NETLIB-HPL

AMD Zen Software Studio with Spack

Open MPI with AMD Zen Software Studio

Micro Benchmarks/Synthetic Benchmarks

Spack HPC Applications

Introduction

High-Performance Linpack (HPL) is a software package that solves a (random) dense linear system in double precision (64 bits) arithmetic on distributed-memory computers. It can thus be regarded as a portable as well as freely available implementation of the High Performance Computing Linpack benchmark.

The algorithm used by HPL can be summarized by the following keywords: Two-dimensional block-cyclic data distribution - Right-looking variant of the LU factorization with row partial pivoting featuring multiple look-ahead depths - Recursive panel factorization with pivot search and column broadcast combined - Various virtual panel broadcast topologies - bandwidth reducing swap-broadcast algorithm - backward substitution with look-ahead of depth 1.

Official website for HPL: https://www.netlib.org/benchmark/hpl

Building HPL using Spack

Please refer to this link for getting started with Spack using AMD Zen Software Studio

		# Example for building HPL with AOCC and AOCL 
$ spack install hpl +openmp %aocc ^amdblis threads=openmp ^openmpi fabrics=cma,ucx

Explanation of the command options:

Symbol	Meaning
%aocc	Build HPL using the AOCC compiler
+openmp	Build HPL with OpenMP support enabled
^amdblis threads=openmp	Use amdblis as the BLAS implementation and enable OpenMP support
^openmpi fabrics=cma,ucx	Use OpenMPI as the MPI provider and use the CMA network for efficient intra-node communication, falling back to the UCX network fabric, if required. Note: It is advised to specifically set the appropriate fabric for the host system if possible. Refer to Open MPI with AMD Zen Software Studio for more guidance.

Running HPL

Recommended steps to run HPL for maximum performance on AMD systems:

Configure the system with SMT Off
Create the run_hpl_ccx.sh script. This binds the MPI process to the proper AMD processor Core Complex Die (CCD) or Core Complex (CCX) that are related to their local L3 cache memory.
Create or update the HPL.dat file based on the underlying machine architecture.

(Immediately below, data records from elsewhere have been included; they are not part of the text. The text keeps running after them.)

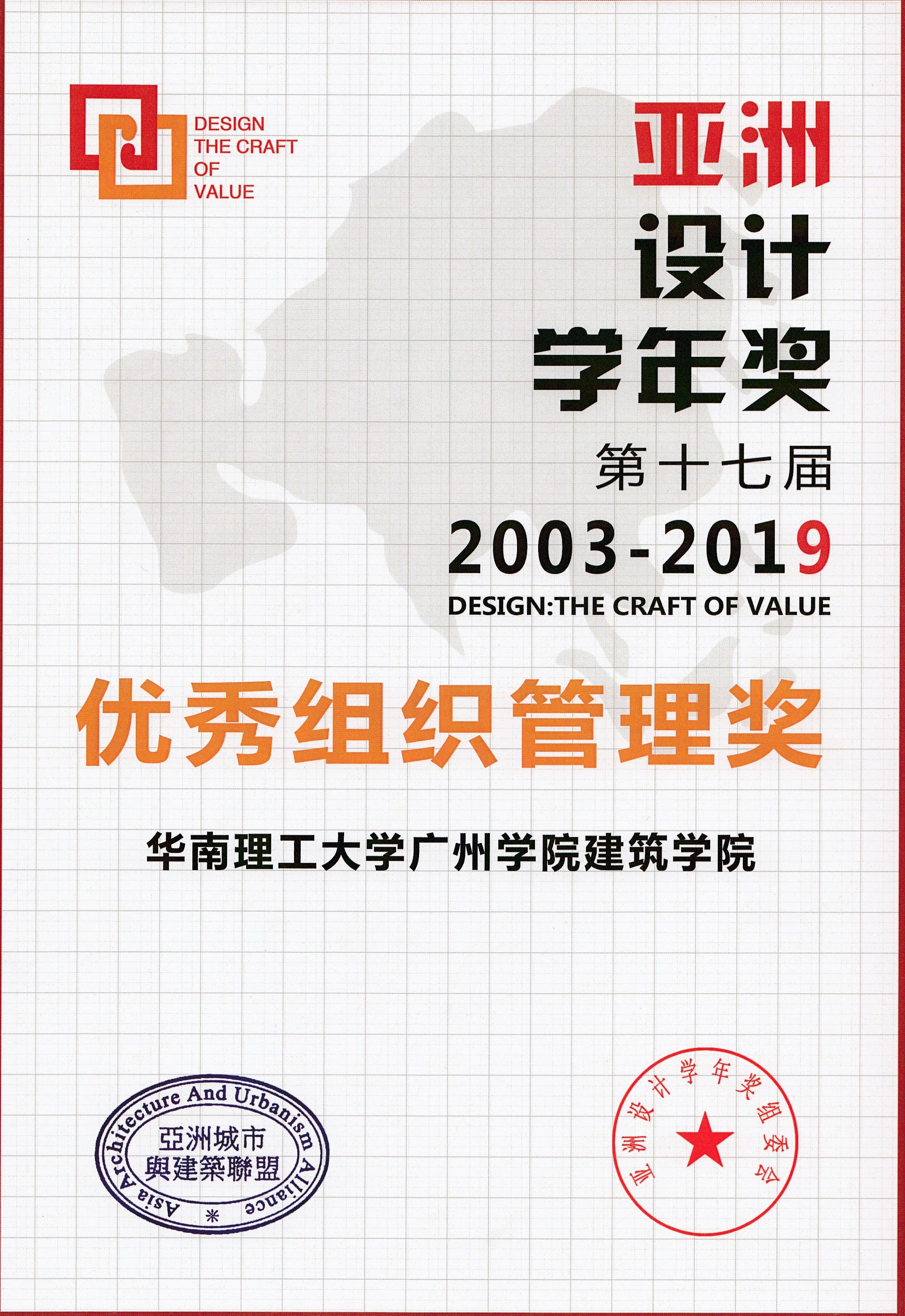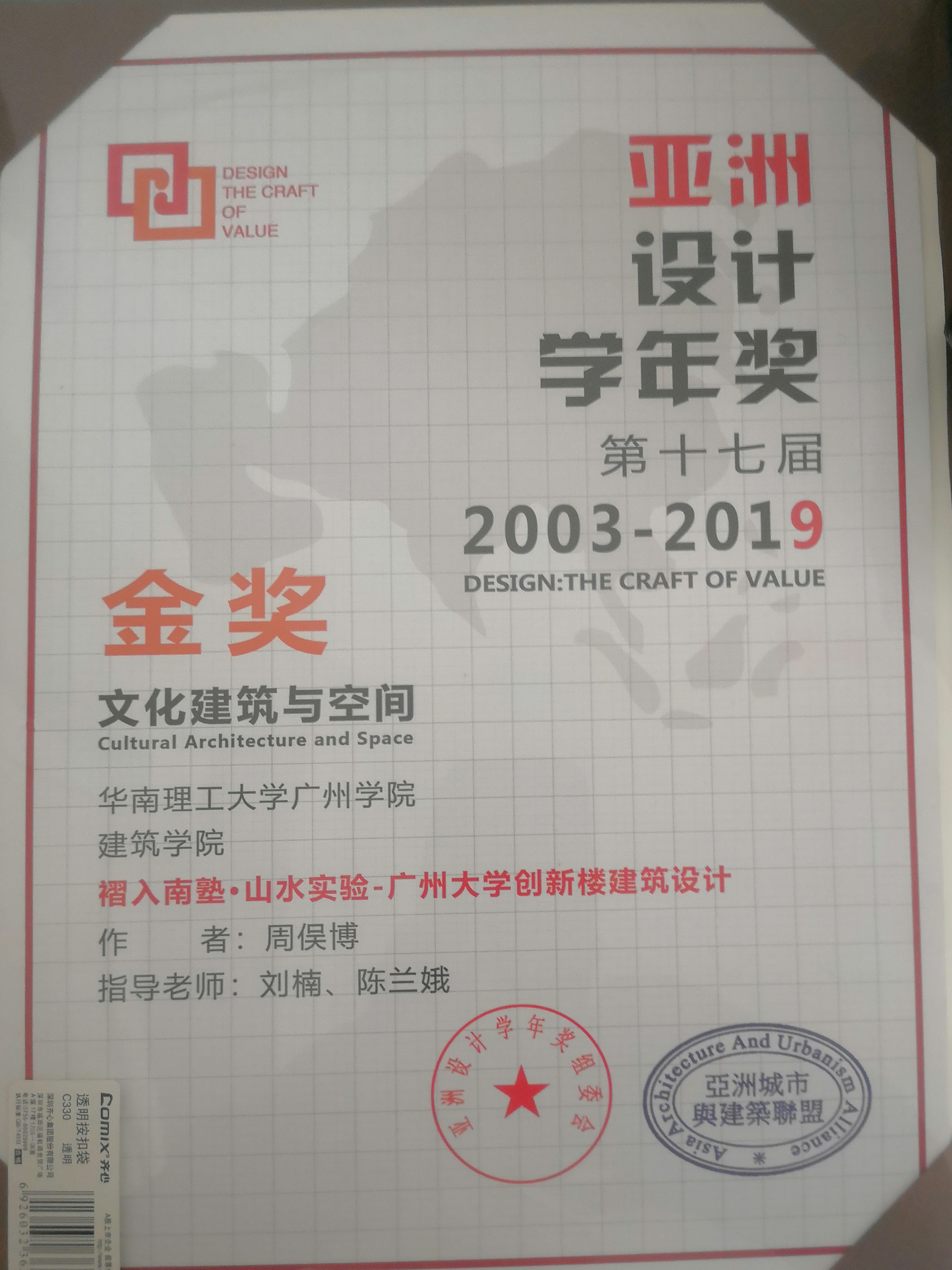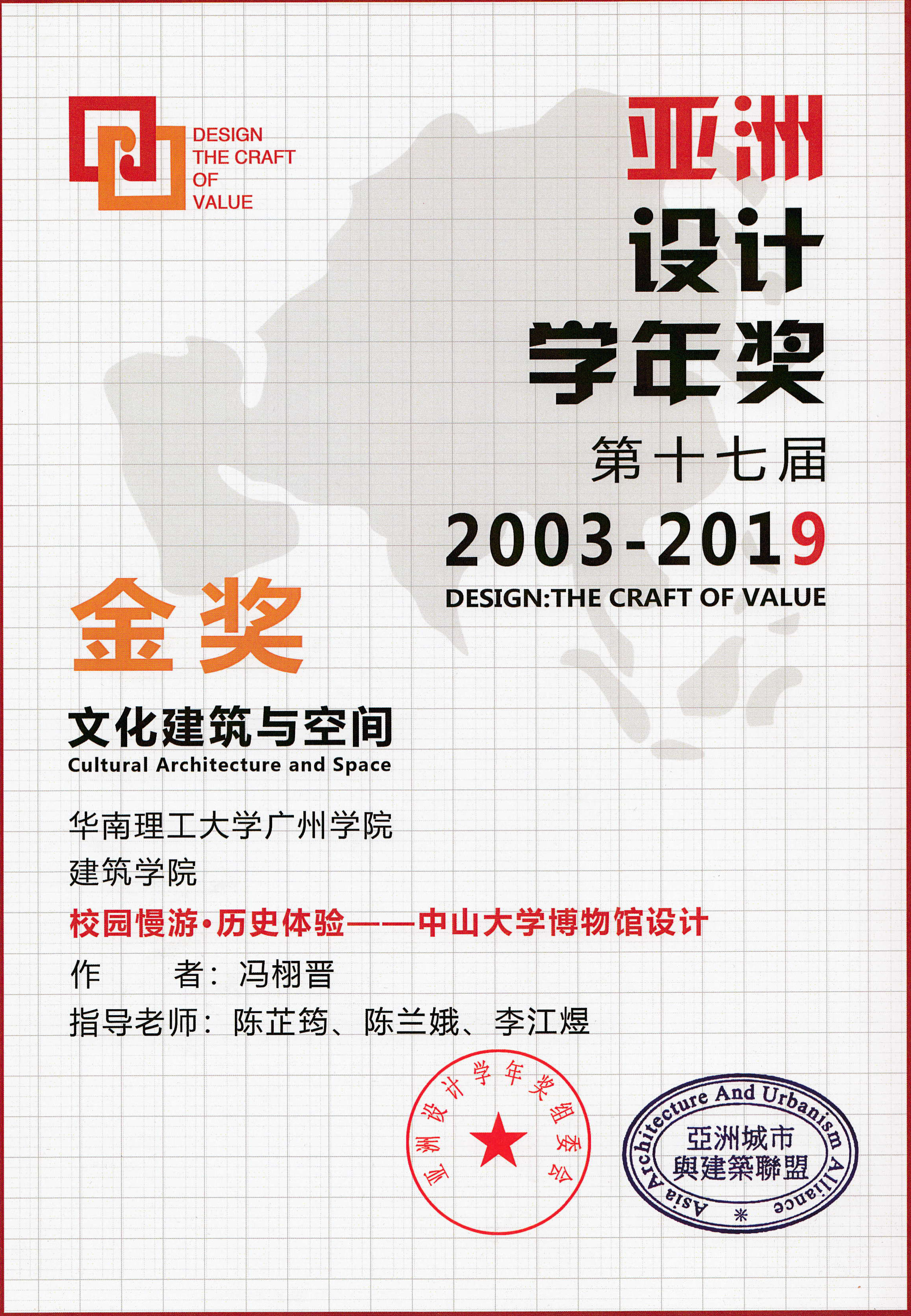 亚洲设计学年奖由亚洲城市与建筑联盟、亚洲设计学年奖组委会、中国建筑学会主办,是国内高校环境设计领域最高奖项。2019年该赛事吸引了悉尼大学、清华大学、同济大学、中国美术学院、东南大学、天津大学、华南理工大学等国内外近600所高校参与,送交参赛作品多达7000份,评委由国际院校建筑环境设计领域的权威专家组成,参赛作品经重重海选,竞争激烈,获奖难度高。我校建筑学院陈芷筠、陈兰娥、李江煜老师指导、冯栩晋同学作品《校园慢游·历史体验——中山大学博物馆设计》获得“文化建筑与空间类”金奖,刘楠、陈兰娥老师指导、周俣博同学作品《褶入南塾·山水实验——广州大学创新楼建筑设计》获得“文化建筑与空间类”金奖,陈芷筠、陈兰娥、李江煜、刘楠、刘佳琼获得优秀指导教师奖,参赛获奖者将被纳入亚洲城市与建筑联盟设计人才库。
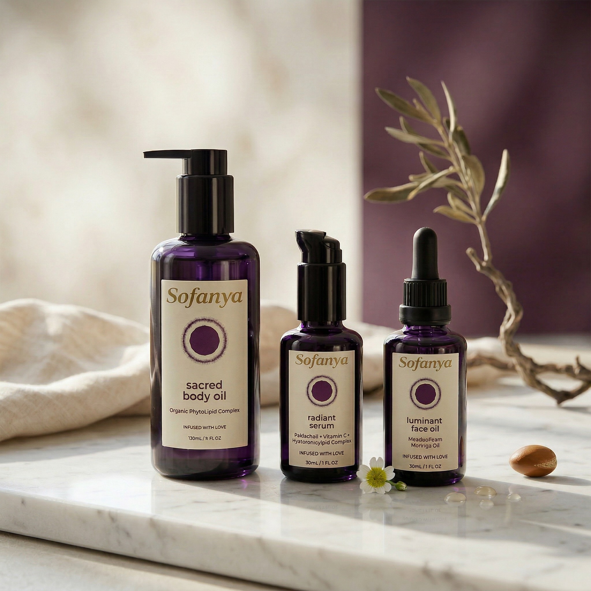 "We create products that support you on every level — your skin, your nervous system, and the way you feel within yourself. This isn't about doing more. It's about coming back. To your body. To your rhythm. To your truth." The Sofanya Promise
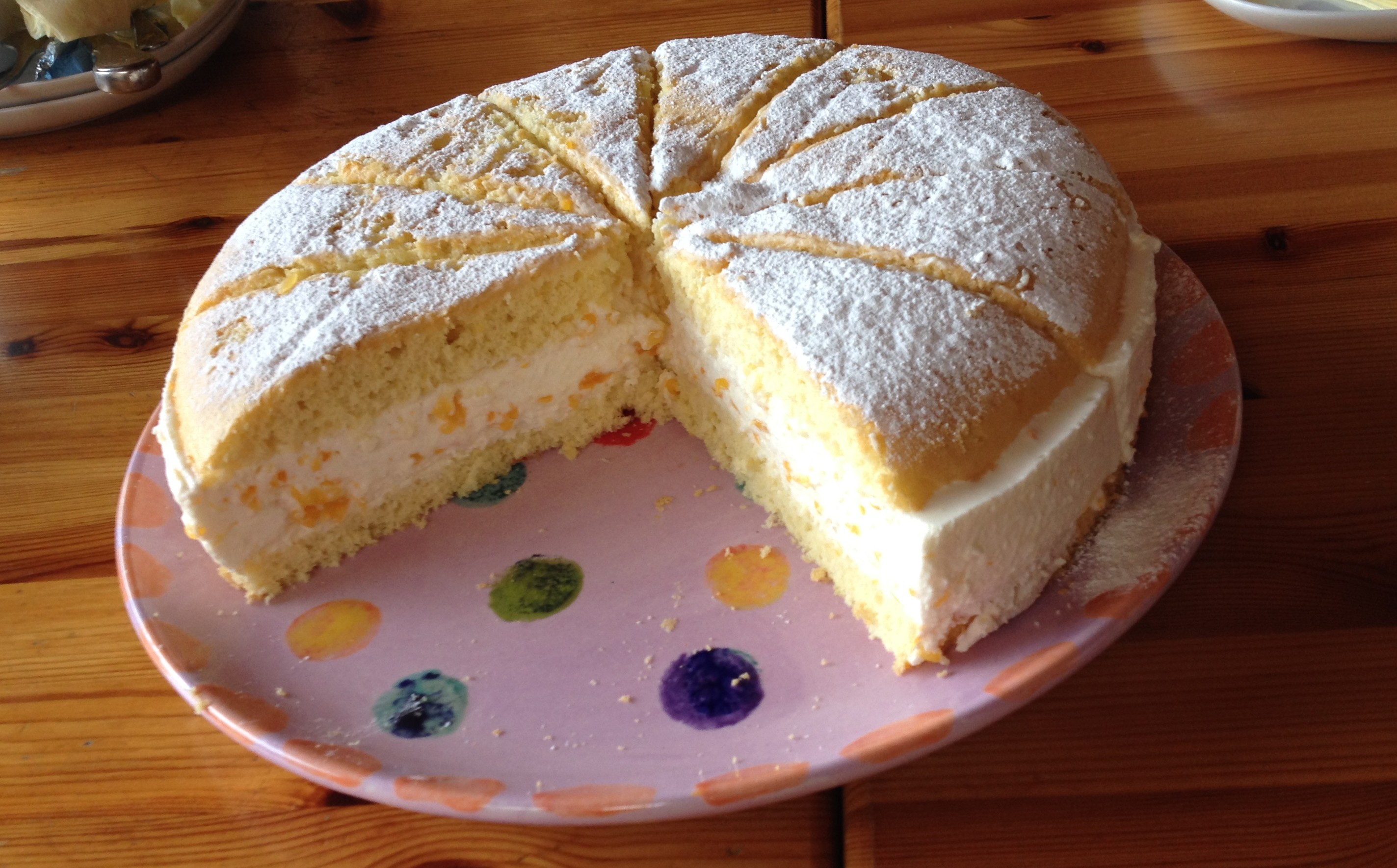 ‘, which is a gathering around a collection of cakes under the pretext of meeting up with friends, but really for the sole purpose of eating cake. Christiane served up this delicious cheesecake, or rather cheese gateau, a delicious combination of sweet sponge and fresh and slightly tart quark, which makes it the perfect cake for a warm and sunny afternoon.
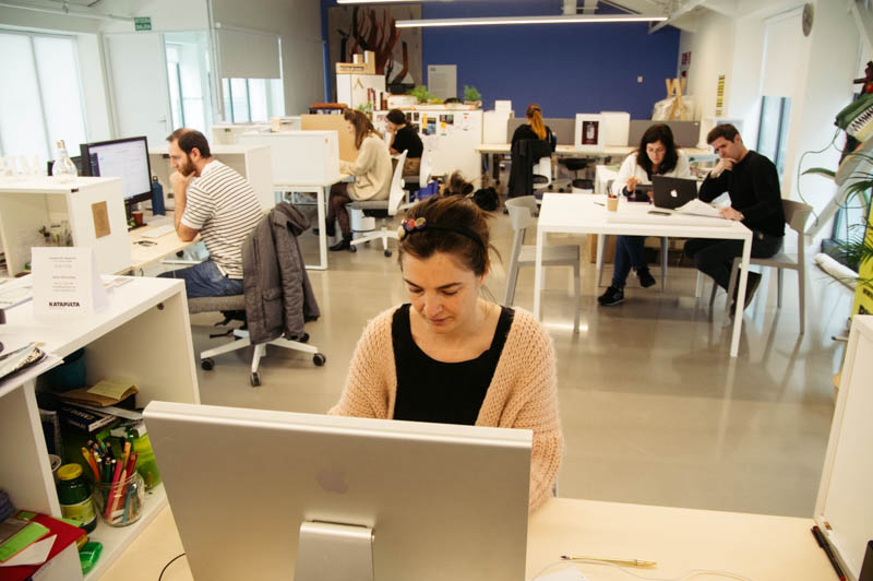 KATAPULTA (www.katapulta.org). Idoia Aizkorreta es la representación en Kutxa Kultur Enea de la plataforma Katapulta, que trabaja con mucha proyección desde 2013 para impulsar a los creadores de Euskadi en todas las disciplinas. «Cuando supimos que dentro de Tabakalera iba a haber un coworking Katapulta envió su propuesta. Somos tres personas y yo trabajo desde aquí. Para nosotros resultaba importante entrar para conocer otros proyectos, buscar colaboraciones, aportar conocimientos, estar al día…»
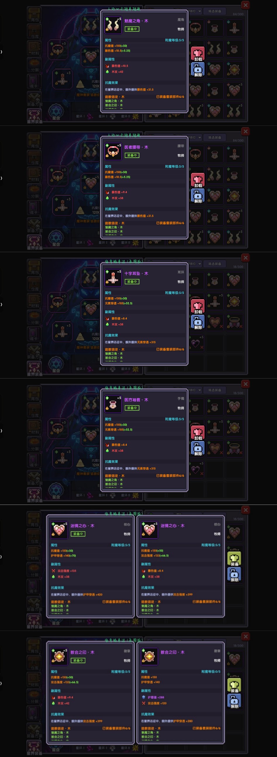 该组武器虽然和牧师适配度不算很高但是比起英魂的火水系列那组的实战效果更好(亲测),因为在这个游戏里面有很多面板到了一定数值就会被稀释,所以不需要特意去把一个属性叠的很高,要均衡去提升
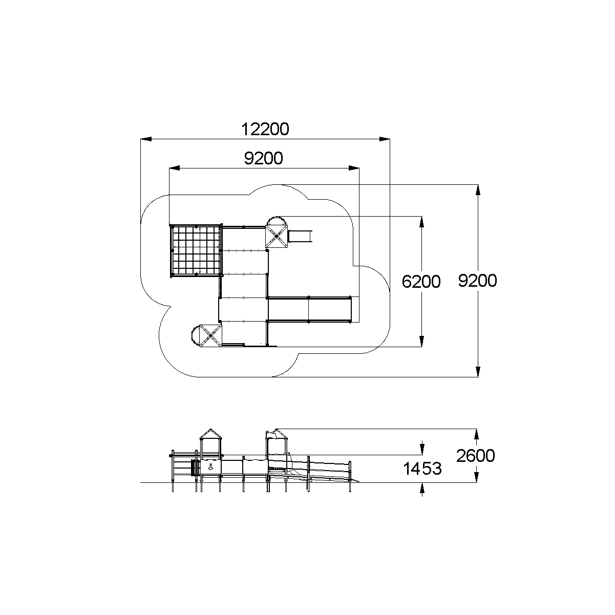 Весь крепеж должен быть оцинкован, все углы закруглены радиусом не менее 3 мм. Деревянный брус должен быть склеен под прессом из нескольких отборных сосновых досок, подвергнутых специальной обработке и сушке до мебельной влажности 7-10% для придания особой прочности несущим конструкциям.Деревянные доски хвойных пород дерева должны быть подвергнуты специальной обработке и сушке до мебельной влажности 7-10% для придания особой прочности несущим конструкциямМатериалы из древесины не должны иметь на поверхности дефектов обработки. Концы труб должны быть закрыты. Заглушки пластиковые на места резьбовых соединений. Промежутки и стыки между элементами оборудования не должны допускать застревания частей тела и одежды пользователей. В конструкции должна быть предусмотрена возможность доступа взрослого при обстоятельствах, требующих посторонней помощи пользователю.C целью повышения качества и безопасности продукции, в документацию на изделие могут вноситься изменения (изображение, размеры, и т.п.).
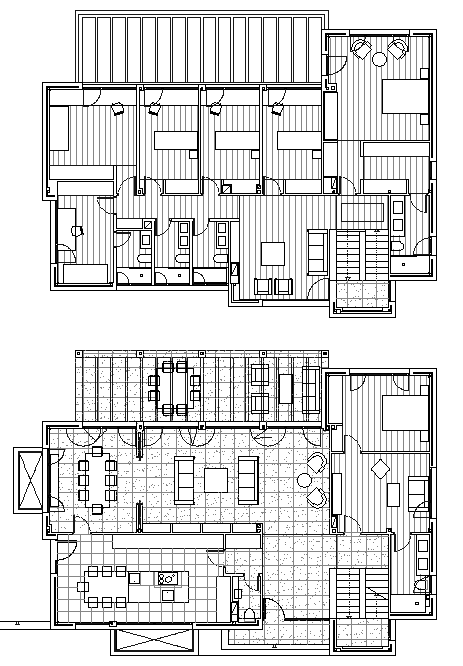 Todos los volúmenes van horadados por grandes huecos que forman las ventanas, buscando el equilibrio entre superficies cerradas y abiertas.
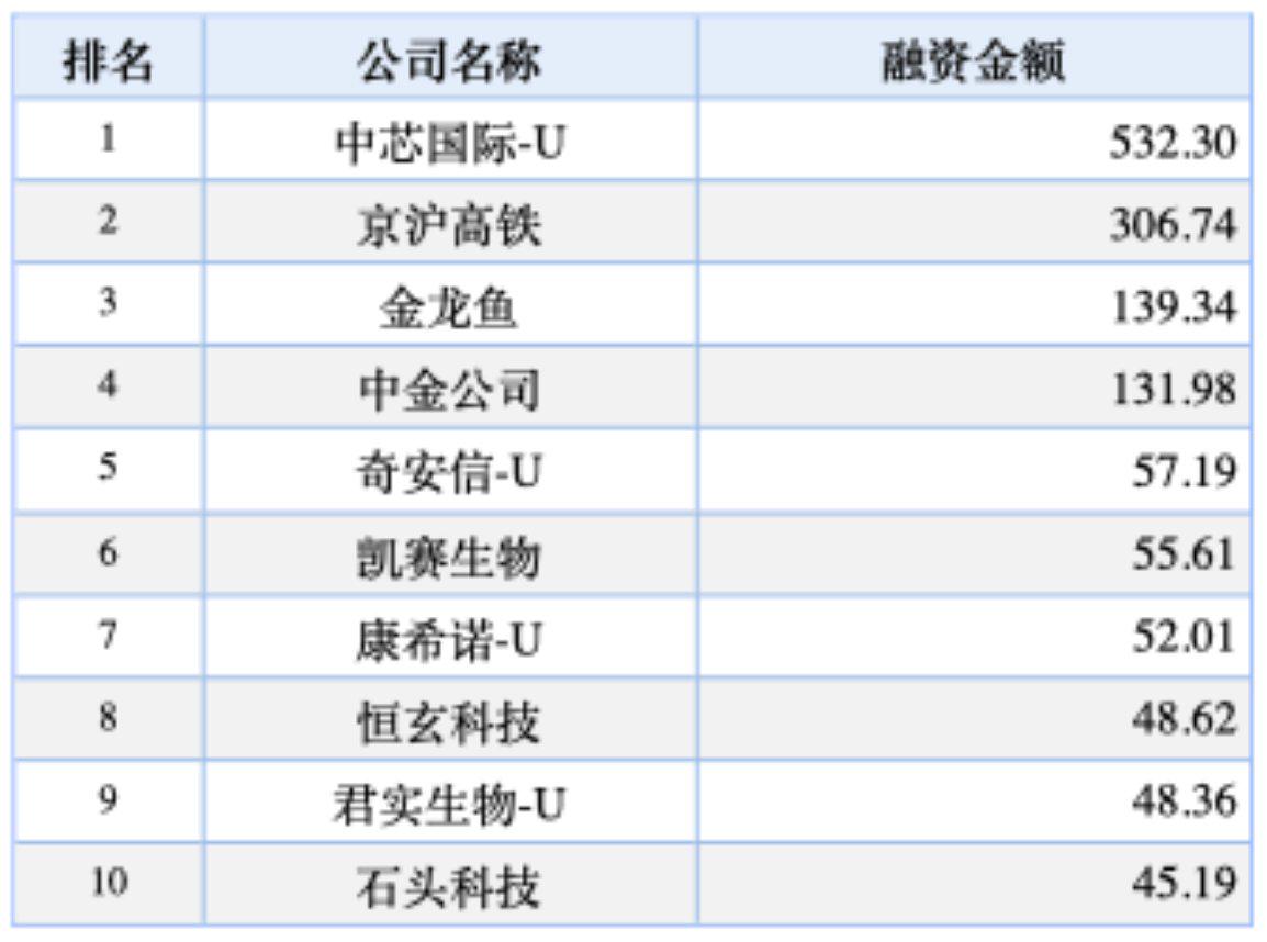 而今年以来前十大IPO公司中,登陆科创板的公司就占据7个,分别为中芯国际-U、奇安信-U、凯赛生物、康希诺-U、恒玄科技、君实生物-U、石头科技,募资额分别为532.3亿元,57.19亿元、55.61亿元、52.01亿元、48.62亿元、48.36亿元、45.19亿元。其余三家公司分别为登陆主板的京沪高铁和中金公司,募资额分别为306.74亿元、131.98亿元,以及以139.34亿元募资额登陆创业板的金龙鱼。
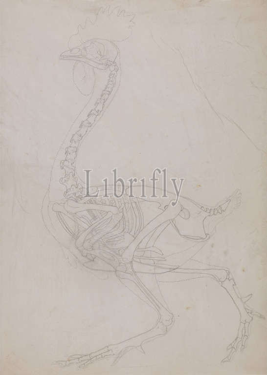 Fowl Skeleton, Lateral View, Outline drawing, George Stubbs, 1724–1806, British, 1795, 1806, Graphite, thin, slightly textured, cream wove paper, Sheet, anatomical study, anatomy, bird, figure study, skeleton, study, visual work
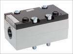 Pneumatic control 5/2 switching principle with spring return. Connection on base, nominal flow rate qn 4800 l/min. Compressed air connection outlet. Base plate iso 5599-1. Min. service pressure -0.95 bar, max. 16 bar.
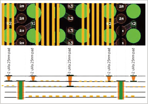이를 어떻게 완성하는가를 이해하기 위해선 HDI 스택업과 정렬-변경된 블라인드 바이어스를 면멸히 관찰해야 한다. 그림 7에서 보다 자세한 사항을 확인할 수 있다. FPGA 핀 2개 열을 레이어 3으로 팬 아웃시키고 (50옴의 싱글 엔드 Rocket I/O에 대해 스킵 바이어스를 사용 다음 두 개 열을 레이어 2에 팬 아웃시킨 후 레이어 5에 있는 매립 바이어스로 떨어뜨린다(100옴 차등 페어 I/O). 이러한 배열을 통해 매립 바이어스간 통로가 장비 피치보다 네 배 커지게 된다. 이 통로의 폭은 4.0mm이며 최대 13개 경로 구성이 가능하게 된다 - 전역 경로 구성에 있어 상당히 큰 자유 경로가 된다. 레이어 5를 사용하면, BGA는 대규모 경로에 대해 바이어스로 정렬된 경로를 생성하는 매립 바이어스만 있기 때문에 사라진다.

This script will launch HPL with 2 MPI ranks per L3 cache, and each rank having 4 OpenMP worker threads. To change this behavior update OMP_NUM_THREADS and the values x ,y in the ppr:x:l3cache:pe=y option to mpirun.
Note: Some systems should use a different MPI/OpenMP layout:

Some frequency optimized AMD EPYC™ CPUs, such as EPYC™ 72F3 ("F" parts), have fewer than 8 cores per L3 cache. For such CPUs, it is recommended to use a single rank per L3 cache and set OMP_NUM_THREADS to the number of cores per L3 cache.
For AMD 1st Gen EPYC™ Processors, which have 4 cores per L3 cache rather than 8 cores, it is recommended to use OMP_NUM_THREADS=4 and a single rank per L3 cache.

run_hpl_ccx.sh

		#! /bin/bash
# Load HPL into environment
# NOTE: If you have built multiple versions of HPL with Spack you may need to be
# more specific about which version to load. Spack will complain if your request
# is ambiguous and could refer to multiple packages.
# Please see: (https://spack.readthedocs.io/en/latest/basic_usage.html#ambiguous-specs)
spack load hpl %aocc

### performance settings ###
# System level tunings
echo 3 > /proc/sys/vm/drop_caches   # Clear caches to maximize available RAM
echo 1 > /proc/sys/vm/compact_memory # Rearrange RAM usage to maximise the size of free blocks
echo 0 > /proc/sys/kernel/numa_balancing # Prevent kernel from migrating threads overzealously
echo 'always' > /sys/kernel/mm/transparent_hugepage/enabled # Enable hugepages for better TLB usage
echo 'always' > /sys/kernel/mm/transparent_hugepage/defrag  # Enable page defragmentation and coalescing

TOTAL_CORES=$(nproc)

# OpenMP Settings
export OMP_NUM_THREADS=4   # 4 threads per MPI rank  - this means 2 ranks per CPU L3cache (Zen 2+) or 1 rank per L3 (Zen 1)
export OMP_PROC_BIND=TRUE  # bind threads to specific resources
export OMP_PLACES="cores"   # bind threads to cores

# amdblis (BLAS layer) optimizations
export BLIS_JC_NT=1  # (No outer loop parallelization)
export BLIS_IC_NT=$OMP_NUM_THREADS # (# of 2nd level threads – one per core in the shared L3 cache domain):
export BLIS_JR_NT=1 # (No 4th level threads)
export BLIS_IR_NT=1 # (No 5th level threads)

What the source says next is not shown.